A more precise formulation
The most accurate way to articulate the relationship, it seems to me, is as follows:
The Idiot is not a novel about autism. It is a novel about what happens when an individual operates without reliance on the implicit social fictions that structure ordinary human interaction. This condition, while not identical to autism, overlaps significantly with the lived experience of many autistic individuals.
That overlap is sufficient to make the novel feel, at times, uncannily familiar.
Why this matters
This is not merely an academic observation. It has practical and, indeed, personal significance.
To encounter one’s own experience reflected in literature—particularly in a work of such depth and seriousness—is both affirming and unsettling. It suggests that the difficulties one has faced are not idiosyncratic or inexplicable, but arise from a structural tension between different ways of being in the world.
It also invites a reconsideration of where the “problem” is located.
If Myshkin is destroyed not because he is deficient, but because he is incompatible with the norms of the society he inhabits, then the question becomes whether those norms are themselves open to critique.

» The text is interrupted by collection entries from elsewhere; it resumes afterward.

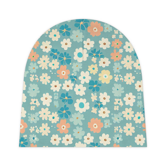 Vampire Art Retro Seventies Blue Flowers Baby Beanie Hat
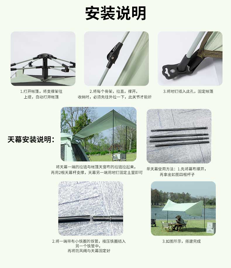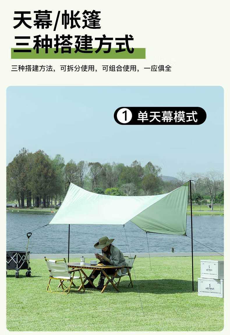 牧高笛(MOBI GAROEN OUTDOOR)牧高笛黑胶天幕露营户外防雨遮阳防紫外大尺寸八角俊庭牛津530 橄榄绿【俊庭440(牛津涂银版)】
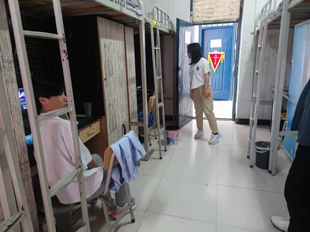 检查过程中,各位老师对寝室的安全卫生、违禁电器、易燃易爆物品进行逐一排查。

Similarly, if autistic individuals experience persistent misunderstanding and exclusion, it is at least worth considering whether this is solely a matter of individual impairment, or whether it reflects a broader failure of mutual comprehension.
Conclusion
Reading The Idiot through this lens does not require us to reinterpret Dostoevsky’s intentions. It requires only that we recognise what he achieved.
In constructing a character who operates outside the implicit rules of social life, he exposed those rules with extraordinary clarity. He showed how much of what we take for granted depends upon managed insincerity, strategic ambiguity, and unspoken agreement.
He also showed what happens when those mechanisms are absent.
For those of us who navigate the world without full access to those mechanisms, the result can feel uncomfortably familiar.
That, I think, is why the novel resonates so strongly. Not because it describes autism, but because it describes, with unsettling precision, a world in which certain ways of being are not merely misunderstood, but systematically penalised.
In that sense, Dostoevsky’s thought experiment continues to speak, with unexpected relevance, to a set of experiences he could not have named—but somehow, nonetheless, understood.